Não só as emoções são importantes na forma como alguém percebe o que acontece à sua volta, como também são cruciais na maneira como esta pessoa se relaciona em sociedade.

Por exemplo, se alguém está apaixonado, tudo o que fizer com aquela euforia típica do amor, como comprar flores, recitar um poema ou tocar o cabelo do outro, estará contaminado por esse sentimento e determinará esses padrões de como essa pessoa manterá suas demais relações interpessoais.

No caso de Riley, o mix de sentimentos que ela estava sentindo após um primeiro dia ruim na nova escola faz com que suas reações a uma simples conversa com seus pais fossem, também, ruins, culminando em uma briga.

3. Emoções controlam como recordamos do passado

As emoções atuais de uma pessoa possuem grande controle a respeito de como ela se lembra de determinado acontecimento. Se alguém estiver se sentindo com vergonha e eu pedir para se lembrar de algo do passado, essa emoção vai dominar suas memórias e ela tenderá a recordar mais das características vergonhosas daquela experiência.

Seria diferente se, no momento em que eu fizesse o pedido para citar uma lembrança, ela estivesse se sentindo orgulhosa ou com raiva, por exemplo.

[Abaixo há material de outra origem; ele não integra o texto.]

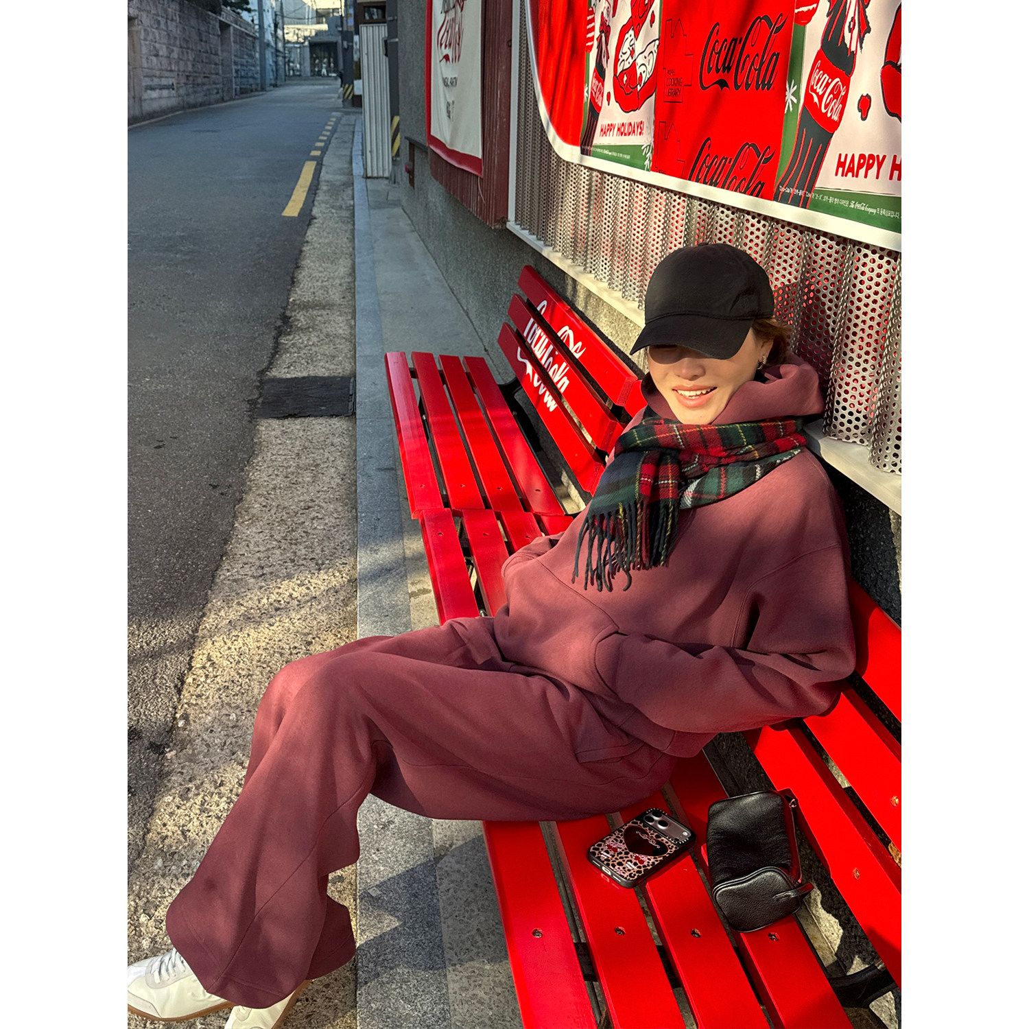 '镇店'私服同色系三件套!加绒连帽卫衣双腰卫裤修身打底衫套装女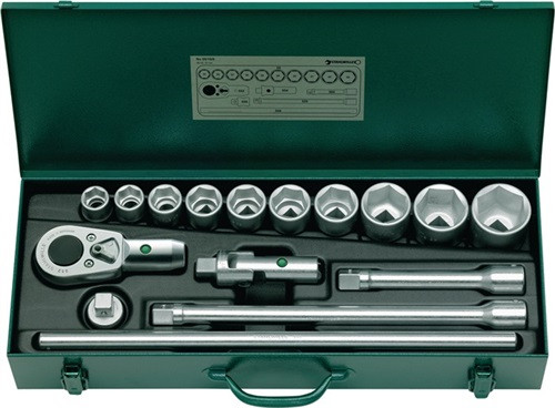 20 mm (3/4 ”)-Vierkantantrieb · Inhalt: je 1 Steckschlüssel-Einsatz 6-kant SW 22 - 24 - 27 - 30 - 32 - 34 - 36 - 41 - 46 - 50 mm 1 Knarrenkopf mit Hebelumschaltung (36 Zähne) 1 Handgriff zum Knarrenkopf 510 mm lang 1 Gleitstück passend zum Handgriff je 1 Verlängerung 200 mm, 400 mm 1 Winkelgelenk · Weitere technische Eigenschaften Breite: 220mm • Länge: 575mm • Material: Chrom-Alloy-Stahl • Höhe: 86mm

O filme mostra bem isso quando Riley é chamada na escola para contar um pouco da sua antiga cidade. Ao se lembrar de um jogo de hóquei, esporte preferido dela, que forma uma das suas core memories (memórias principais da garota, geralmente alegres, que são determinantes na formação da sua personalidade), ela fica triste por estar sentindo falta da sua velha casa.

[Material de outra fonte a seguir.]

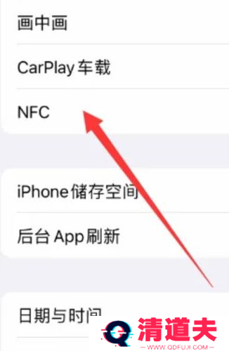2、在“通用”菜单下,轻触近场通讯(NFC)功能。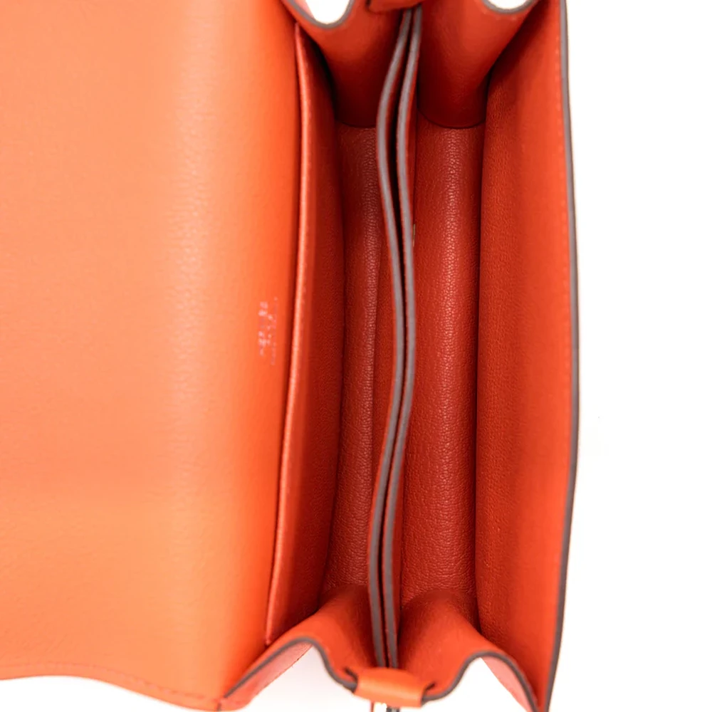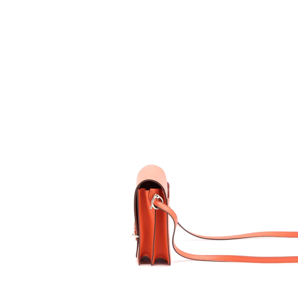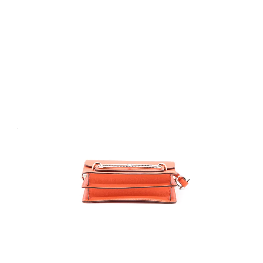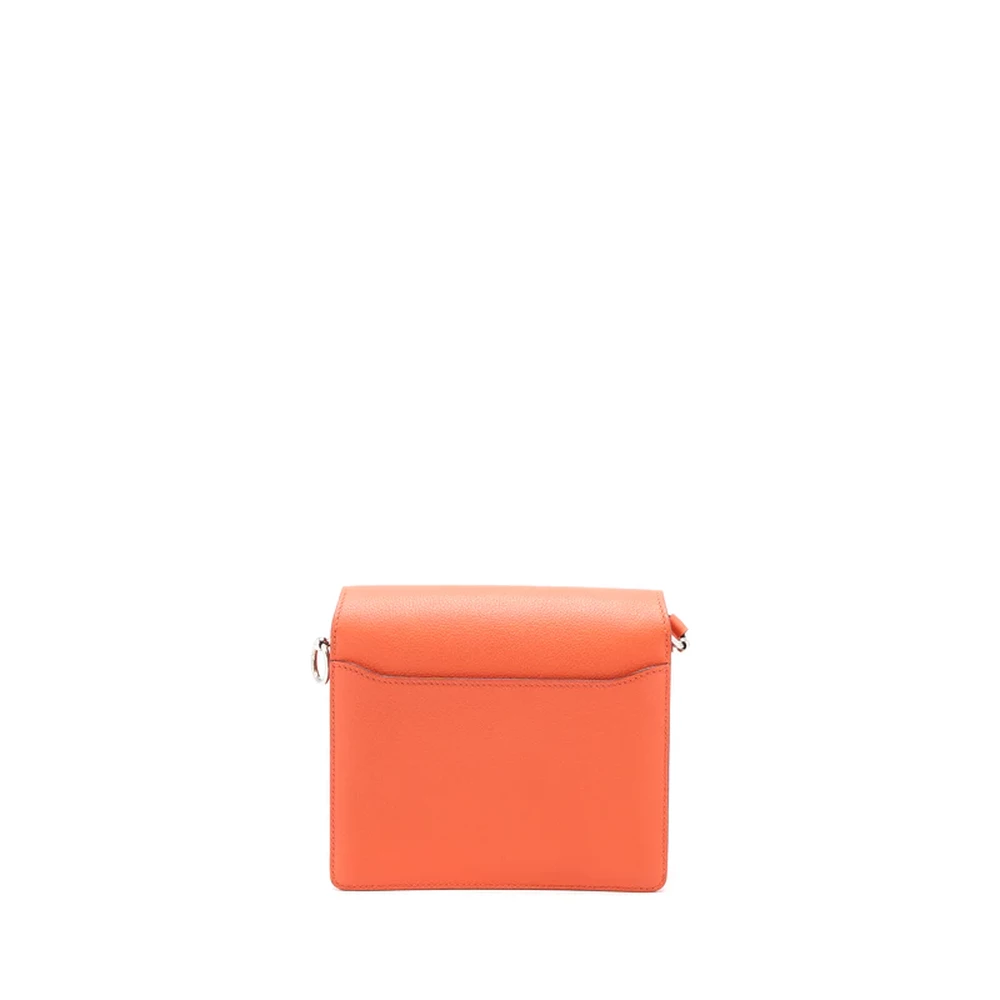 This Hermès Mini Roulis in Evercolor leather and Orange with silver hardware brings a vibrant burst of color to any outfit. The cheerful orange leather combined with sleek silver hardware creates a fun, bold aesthetic, while the compact design ensures it’s both practical and stylish for daily use.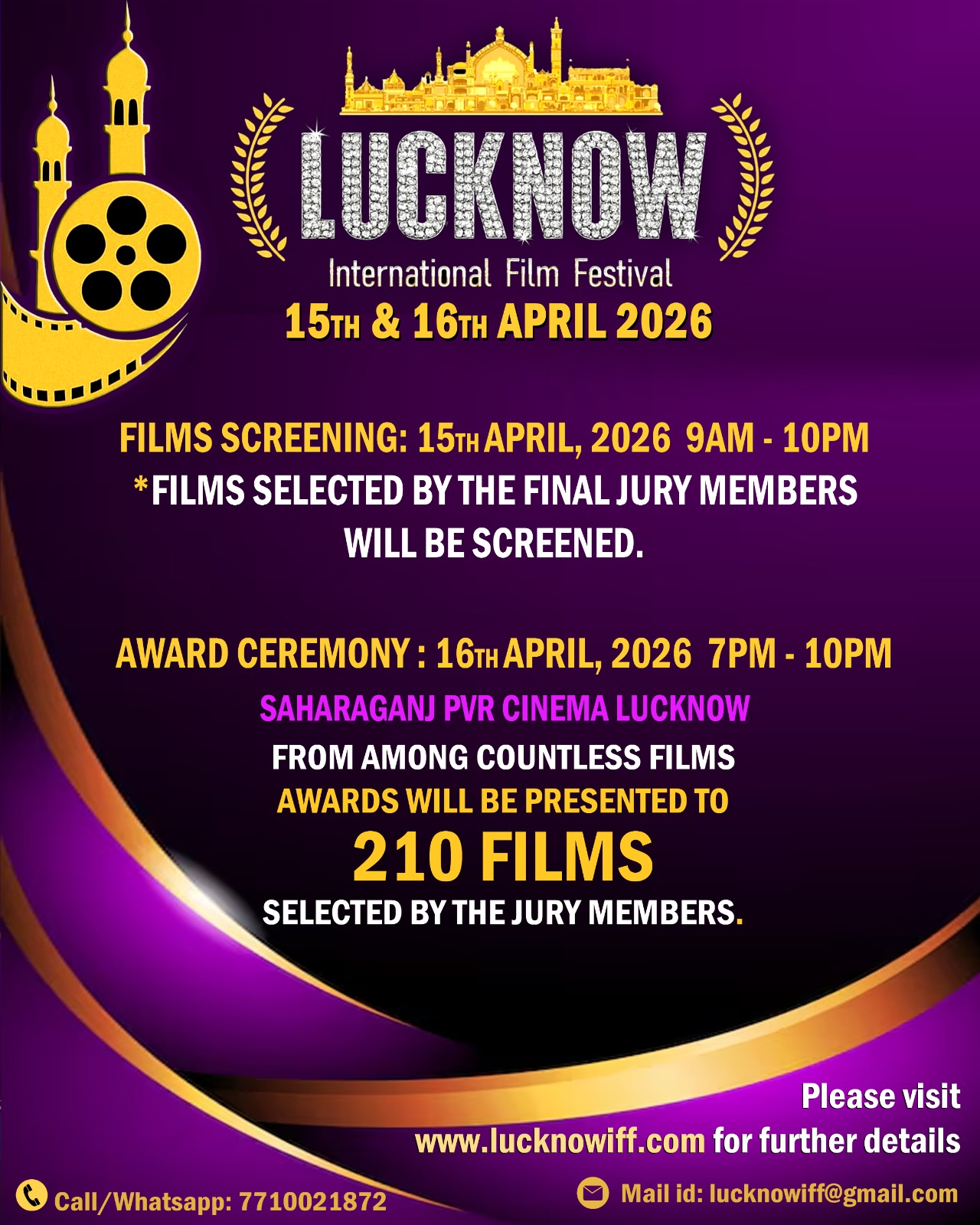 As announced on the official website, the Lucknow International Film Festival 2026 will host film screenings on 15th April 2026 from 9:00 AM to 10:00 PM and on 16th April 2026 from 9:00 AM to 6:00 PM. The Award Function will be held on 16th April 2026 from 7:00 PM to 10:00 PM. The screening list will be announced on 2nd April 2026, with a total of 210 films selected for the festival.

4. As memórias não são uma representação factual do que aconteceu

Quem tem pouco conhecimento de Psicologia, tende a achar que, quando se lembra de algum acontecimento da sua vida, está exibindo uma representação exata da realidade na sua mente. Porém, na verdade, as pessoas tendem a perder informações do que aconteceu, pois a memória é imperfeita e deixa as emoções serem parte da reconstrução desse passado.

Para representar isso em Divertida Mente, o diretor Pete Docter transformou cada uma das memórias de Riley em pequenas esferas. Essas esferas possuem a cor da emoção que mais prevalece nela. Quando a Tristeza, que é toda azul, toca uma memória antes amarela, cor da Alegria, a recordação acaba se tornando triste e ficando também azul.

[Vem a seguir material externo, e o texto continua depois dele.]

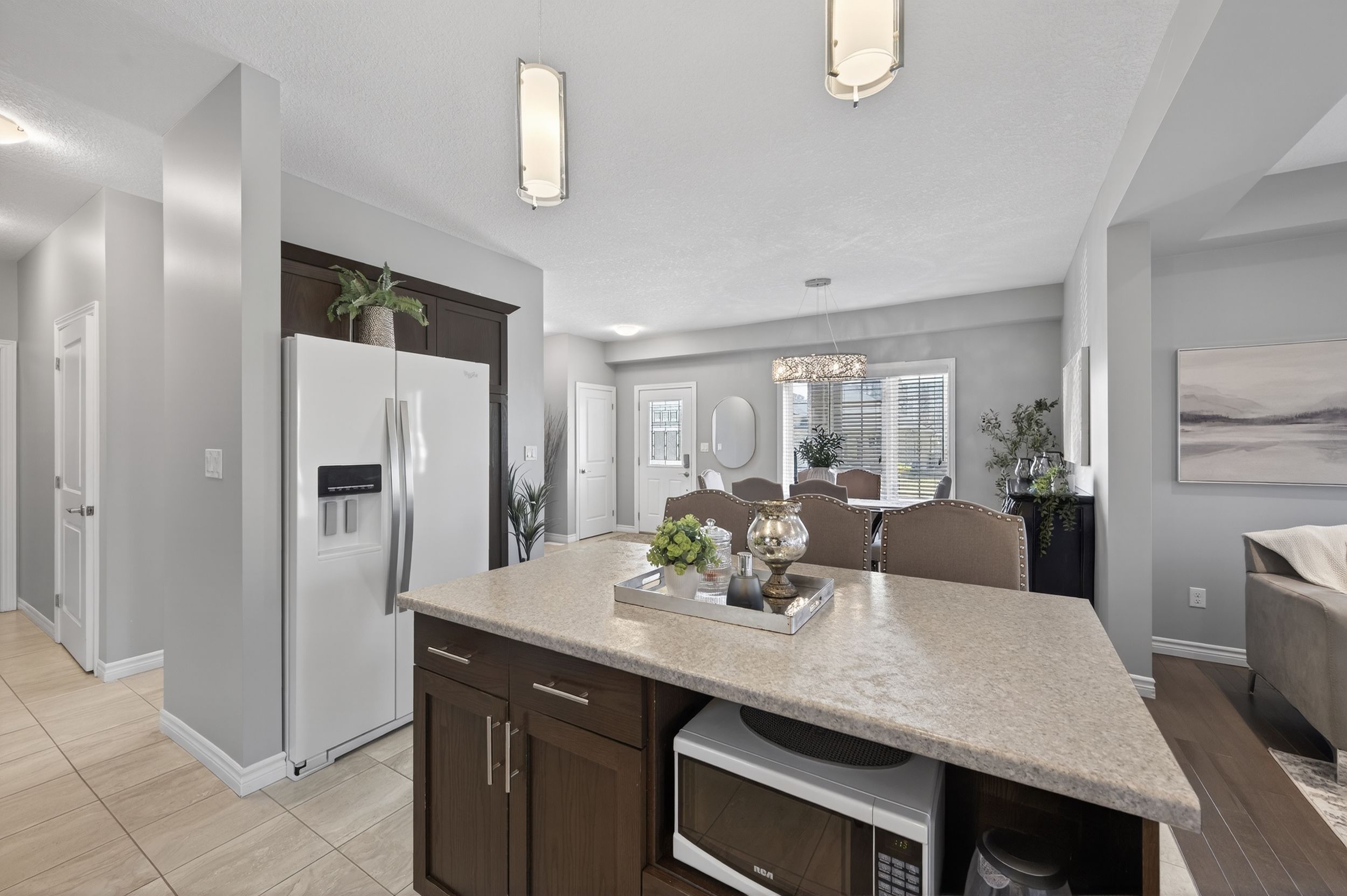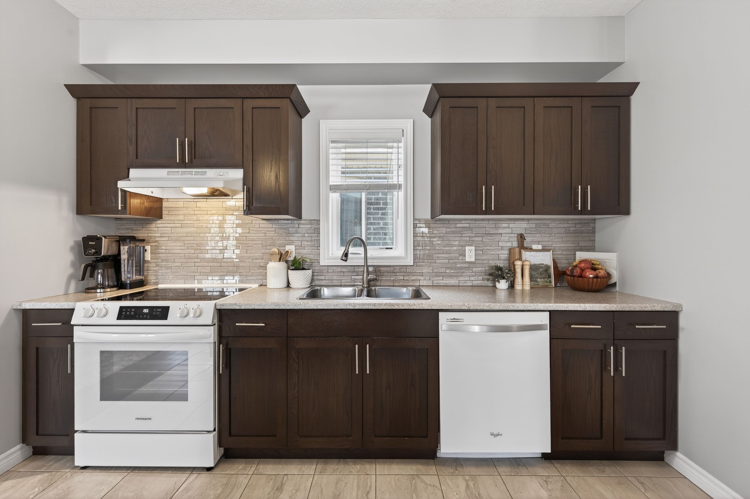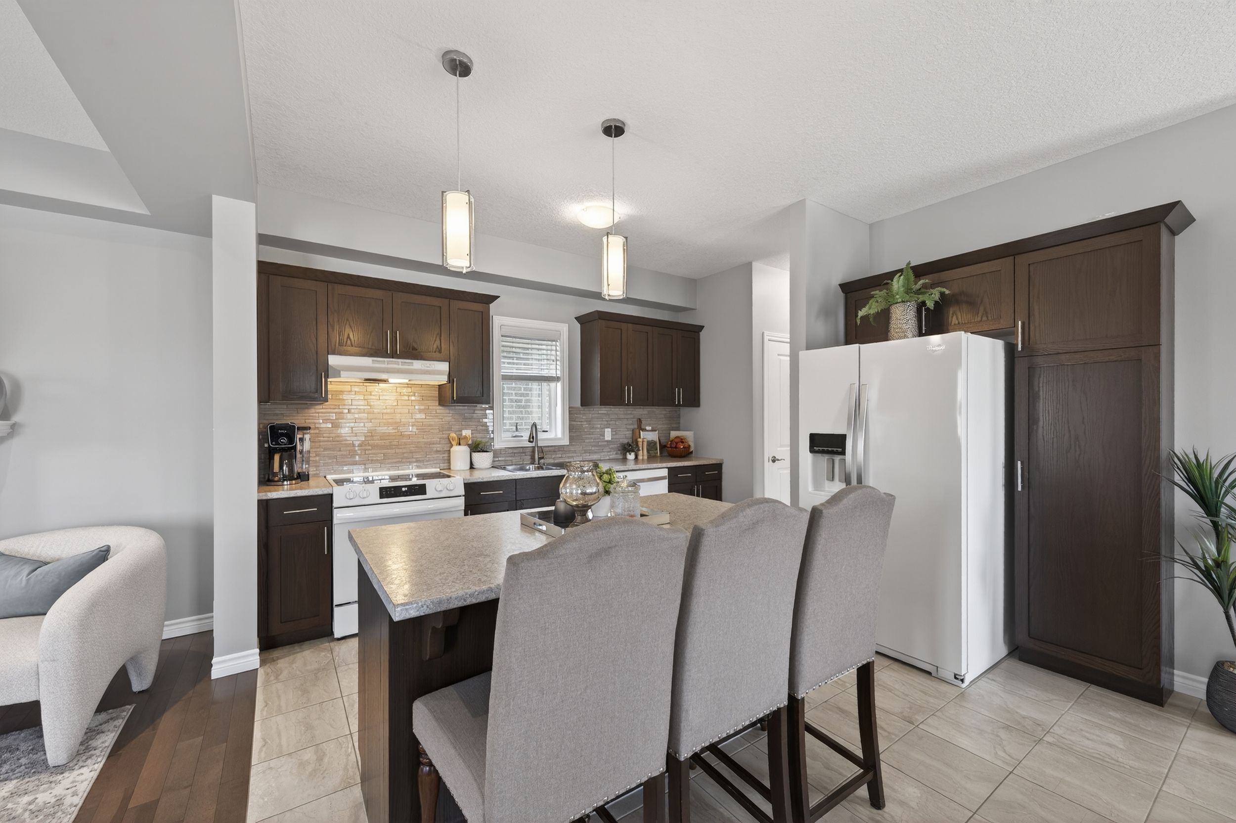 • Large kitchen with ample storage, tiled backsplash, and dine-in island.

5. Emoções devem ser trabalhadas em vez de suprimidas

A cultura ocidental ensina sua sociedade, desde cedo, a suprimir as emoções e ser mais racionais. Filósofos como Descartes e Platão viam nossos sentimentos como uma série de impulsos imprudentes e potencialmente destrutivos, defendendo o uso da razão para nossa tomada de decisões.

Porém, o filme mostra justamente o contrário, indo de encontro às teorias psicológicas que defendem que as pessoas devem saber lidar com seus sentimentos, incorporando-os ao seu dia a dia, e não reprimindo-os.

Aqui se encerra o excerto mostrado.